**TASK**
Look below for the line with "Cafe Menu Template". Retype it and every line after it to the end, exactly, but leave out the pictures.

**DATA SECTION**
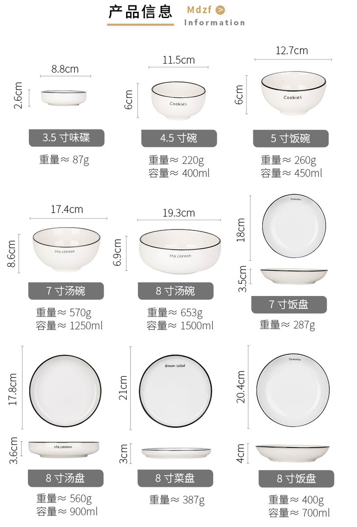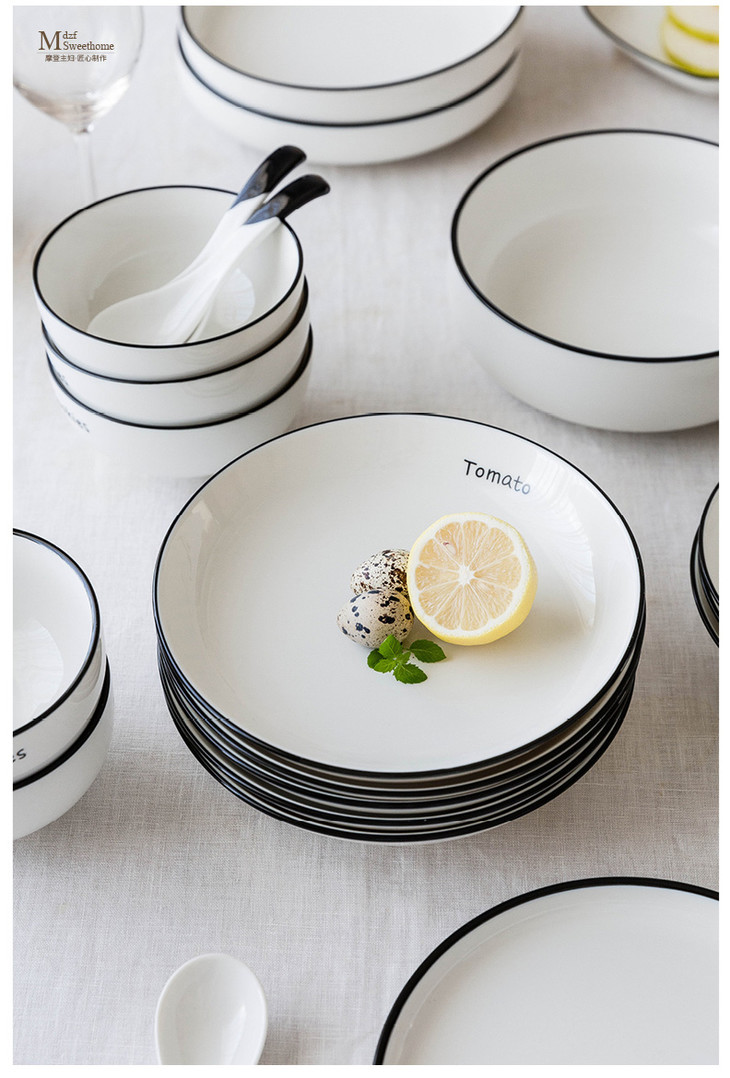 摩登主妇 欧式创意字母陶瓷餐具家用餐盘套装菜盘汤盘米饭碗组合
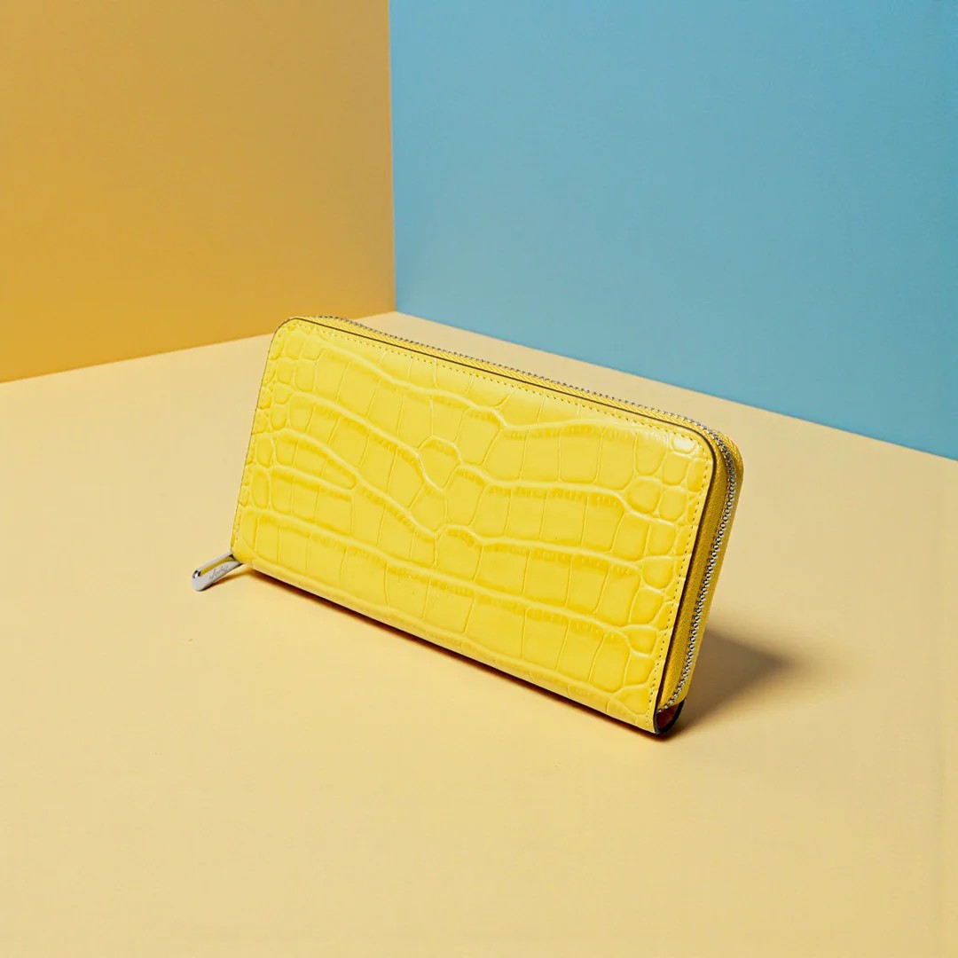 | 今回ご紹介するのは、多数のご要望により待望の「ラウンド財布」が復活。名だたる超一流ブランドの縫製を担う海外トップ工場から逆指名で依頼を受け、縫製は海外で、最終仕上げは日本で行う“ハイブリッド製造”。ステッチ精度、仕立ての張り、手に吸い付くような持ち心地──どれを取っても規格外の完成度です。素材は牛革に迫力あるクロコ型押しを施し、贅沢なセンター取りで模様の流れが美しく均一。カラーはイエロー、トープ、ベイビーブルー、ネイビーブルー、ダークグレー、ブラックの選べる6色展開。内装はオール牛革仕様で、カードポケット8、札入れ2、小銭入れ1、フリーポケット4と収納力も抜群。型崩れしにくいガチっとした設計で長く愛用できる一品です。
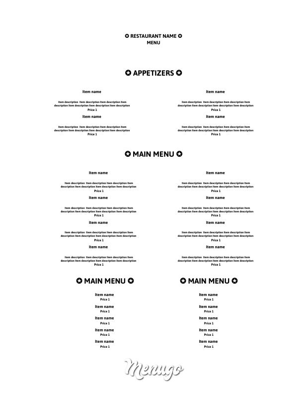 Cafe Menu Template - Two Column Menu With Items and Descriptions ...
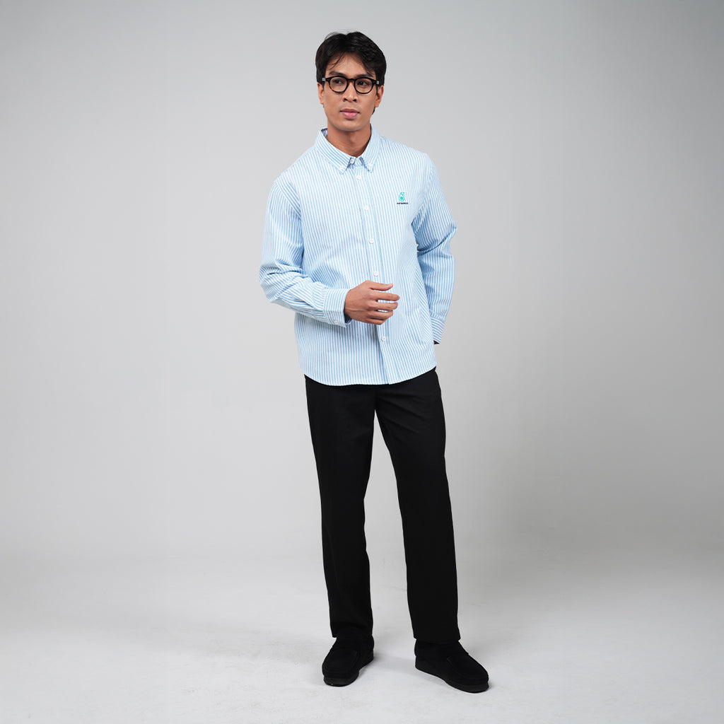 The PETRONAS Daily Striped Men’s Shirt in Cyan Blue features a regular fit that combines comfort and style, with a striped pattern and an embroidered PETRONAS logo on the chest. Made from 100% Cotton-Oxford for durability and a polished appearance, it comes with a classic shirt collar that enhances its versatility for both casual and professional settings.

**THE ANSWER**
 Cafe Menu Template - Two Column Menu With Items and Descriptions ...
 The PETRONAS Daily Striped Men’s Shirt in Cyan Blue features a regular fit that combines comfort and style, with a striped pattern and an embroidered PETRONAS logo on the chest. Made from 100% Cotton-Oxford for durability and a polished appearance, it comes with a classic shirt collar that enhances its versatility for both casual and professional settings.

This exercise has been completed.